I hardly thought my first blog post reflecting upon Roe v. Wade would be going in the direction that it is now leaning toward. I actually thought that I would be discussing the actual victory for our most precious gifts which are our children. I thought that I would discuss how all our lives began at our conception. I even thought that I might be discussing state versus federal laws and the United States constitution.

But, all that is too logical. Why should I bring in the question of right and wrong for our lives and the legal foundation that has served this country so well? Today, those questions do not seem germane to most people’s lives. Rather, it is what pithy saying they can put on a piece of wood to display at home or what they can display on their social media page to seem relevant. It Is all about what serves people at the moment (in a situational ethics sort of way). “He is not Mr. Right, he is just Mr. Right Now.” For a society that believes that, it is not a huge stretch to think that a dear wee baby is either situationally good or bad, rather than focus on the childs’ personhood.

The political movement for so-called abortion rights is dehumanizing and morally baseless.
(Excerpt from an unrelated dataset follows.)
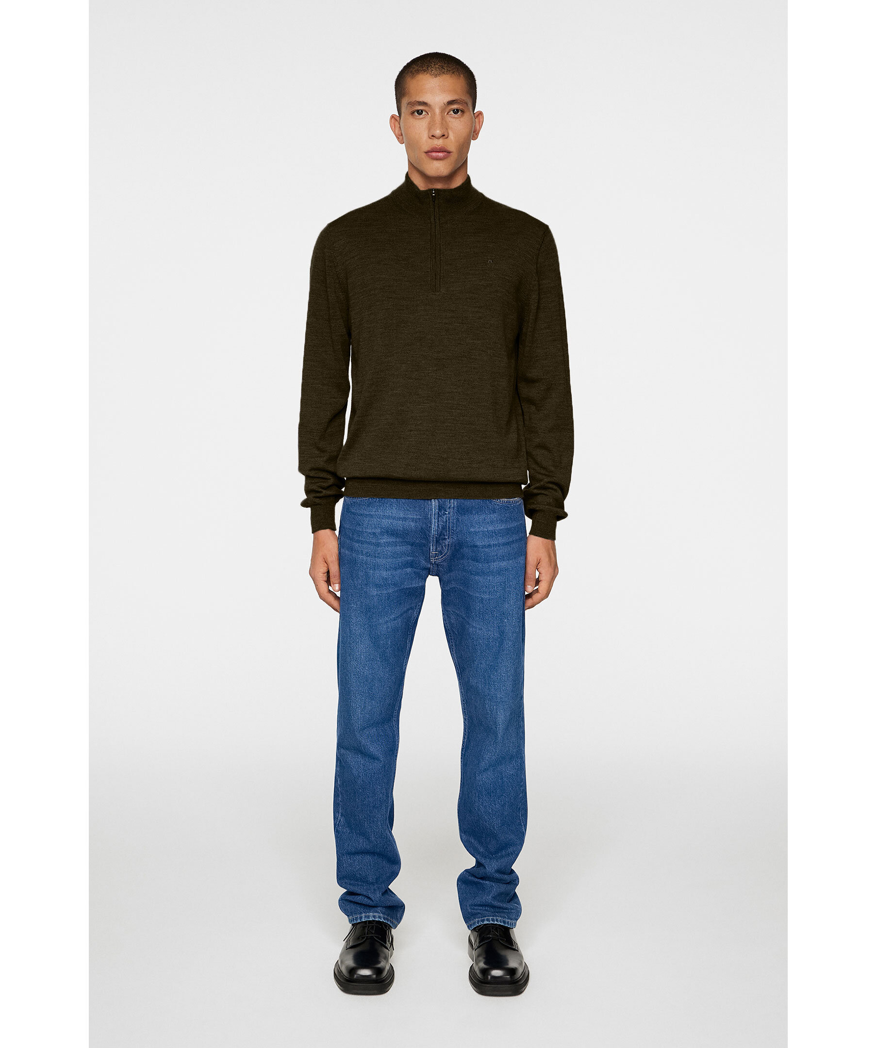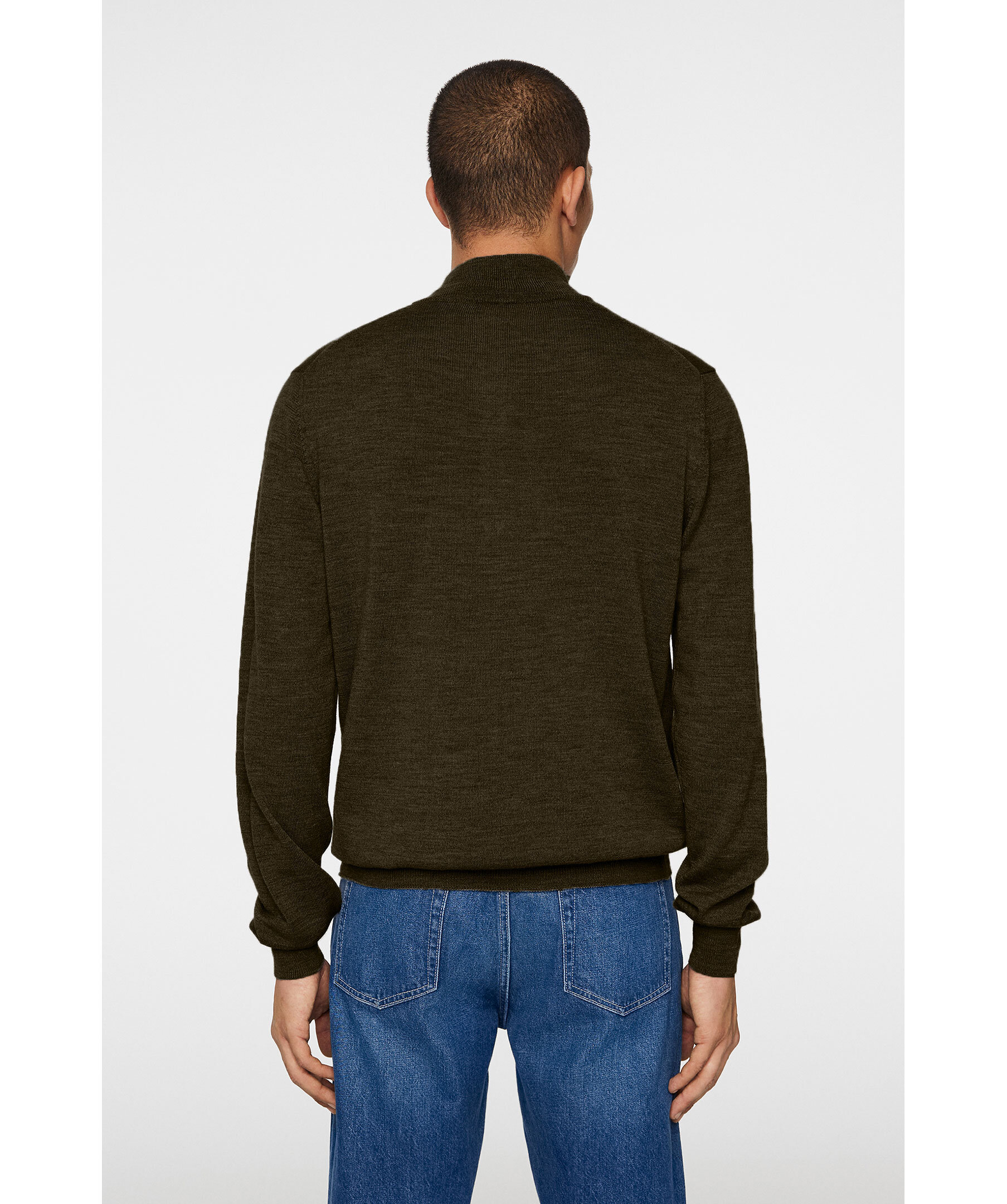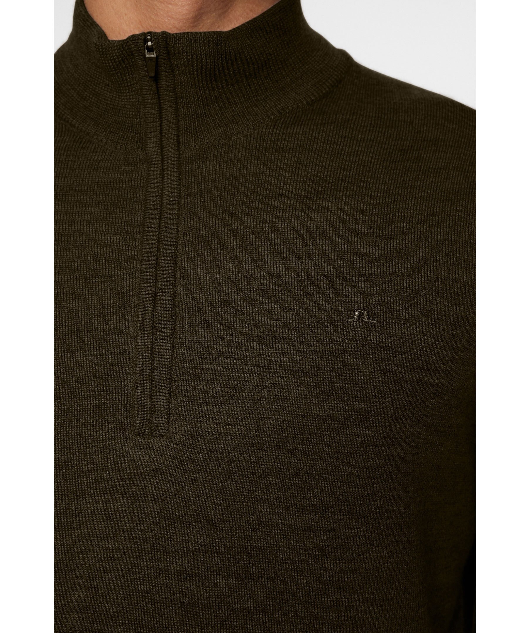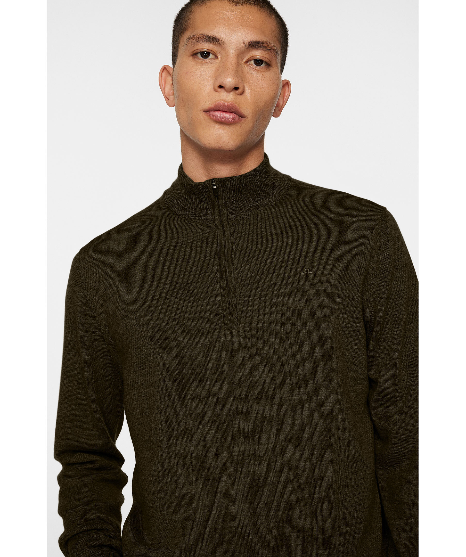 Skogsgrön stickad half-zip från J.Lindeberg. Tillverkad i ett fint, mulesingfritt merinoull som stickats i ett lyxigt 12-garn som är otroligt mukt och varmt. Med de modebetonade detaljerna, en raffinerad passpoaldetalj på dragkedjan och en tonad, broderad Bridge-logotyp på bröstet bidrar plagget med tidlös elegans.

Logical debates, or allowing people to vote their beliefs are out of the question for this gang of thugs. Instead, a reign of terror has ensued and continues to this day. The choice of tactics that abortionists choose are important to contemplate because, it tells us almost everything that we need to know about this movement. 

The means by which you run your life, family and community matter. The way that you conduct your politics is a reflection of what you believe. It is okay to curse out your political opponent, put them out of business, or threaten them if you first begin with believing you should kill unborn babies. It is small potatoes to do that in fact. 

As a Christian, we have to know that God does not call us to such tactics. No, far from it! At times, there is a part of me that wishes I could fight back and give them a little bit of what they are dishing out. But, then, I remember that Peter was moved to fight to protect Jesus when the soldiers were coming to unjustly arrest him. Peter succeeded in cutting the ear off a Roman soldier. 

Yet, Jesus healed the man and Peter went on, with our Lord’s guidance, to do greater things than fight with weapons. Much greater things in the spiritual realm. We must fight for what is right but the means by which we do that shows who and what we believe. The other thing that we must watch for is lying to move our political agenda forward or to achieve our goals. Not okay. 

The opponents of the “right to life” movement are trying to work their constituents into a frenzy. Upping the rhetoric and even telling lies to do that. Each state will have a chance to decide their own fate as regards this issue. The people will have a chance to voice their opinions and vote for the kind of place they want their state to be. Freedom does mean we have the freedom to follow God or reject his holy and good teachings. 

Can we get a fair vote in the next United States elections in the fall? I am not so sure. If we can then, voters will have an opportunity to vote on this issue and many other life and death issues facing the United States and the world in the fall.